Did you try the latest code? I tested it now. The pre-trained weights can be successfully loaded.
If it is still not working for you, can you provide the shell script for using the weights?
Hi @xiaomengyc I noticed that your inception v3 model is a little different from the official model definition of torchvision, but they use the same pre-trained weights (inception_v3_google-1a9a5a14.pth). The different places are as follows:
- padding of Conv2d_1a_3x3: yours, torchvision
- padding and stride of Mixed_6a: yours, torchvision
- padding of max_pool2d: yours, torchvision
Did you make that change? Could you explain it for me?
Thanks!
Hi @yeezhu,
- I added padding because torchvision by default gives us the different resolution of feature maps from the same feature maps in Caffe and Tensorflow. I keep the resolutions same with the baseline methods by adding padding operation.

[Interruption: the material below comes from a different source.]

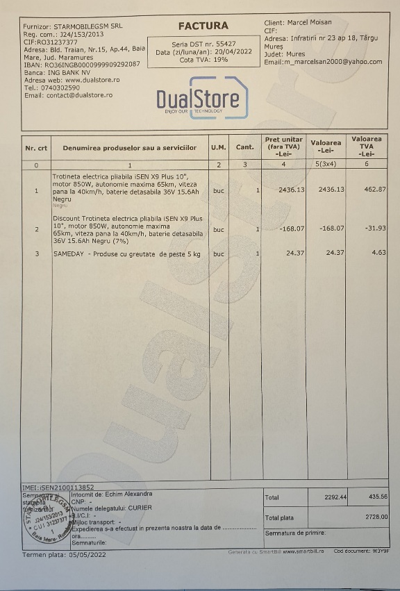 Modalitățile de plată disponibile pe DualStore sunt: ramburs, transfer bancar, plată online cu cardul, plată în rate. Transportul este gratuit la comenzile de peste 799 lei iar termenul de retur este de 14 zile de la primirea produsului.

- The stride of Mixed_6a is also for keeping a relative better resolution of the final heatmaps.
Thank you! @xiaomengyc
I modify the code in inception_spg.py
to construct SPG-plain and train it on CUB, but it doesn't converge.
Here are my settings:
-
Pytorch 0.4.0, python 3.6, cuda 8.0
-
lr=0.001 for the pretrained weights (before Mixed_6e), lr = 0.01 for others. momentum=0.9, weight_decay=0.0005. (based on the description in section 3.3 of the paper)
-
The code in
inception_spg.py
that I changed:feat = self.Mixed_6e(x) # side3 = self.side3(x) # side3 = self.side_all(side3) # 28 x 28 x 192 x = self.Mixed_6a(x) # 28 x 28 x 768 x = self.Mixed_6b(x) # 28 x 28 x 768 x = self.Mixed_6c(x) # 28 x 28 x 768 x = self.Mixed_6d(x) # 28 x 28 x 768 feat = self.Mixed_6e(x) # side4 = self.side4(x) # side4 = self.side_all(side4) #Branch 1 out1, last_feat = self.inference(feat, label=label) # self.map1 = out1 # atten_map = self.get_atten_map(self.interp(out1), label, True) #Branch B # out_seg = self.branchB(last_feat) logits_1 = torch.mean(torch.mean(out1, dim=2), dim=2) # return [logits_1, side3, side4, out_seg, atten_map] return logits_1
So, can you share the detailed settings for training CUB on SPG-plain? Many thanks!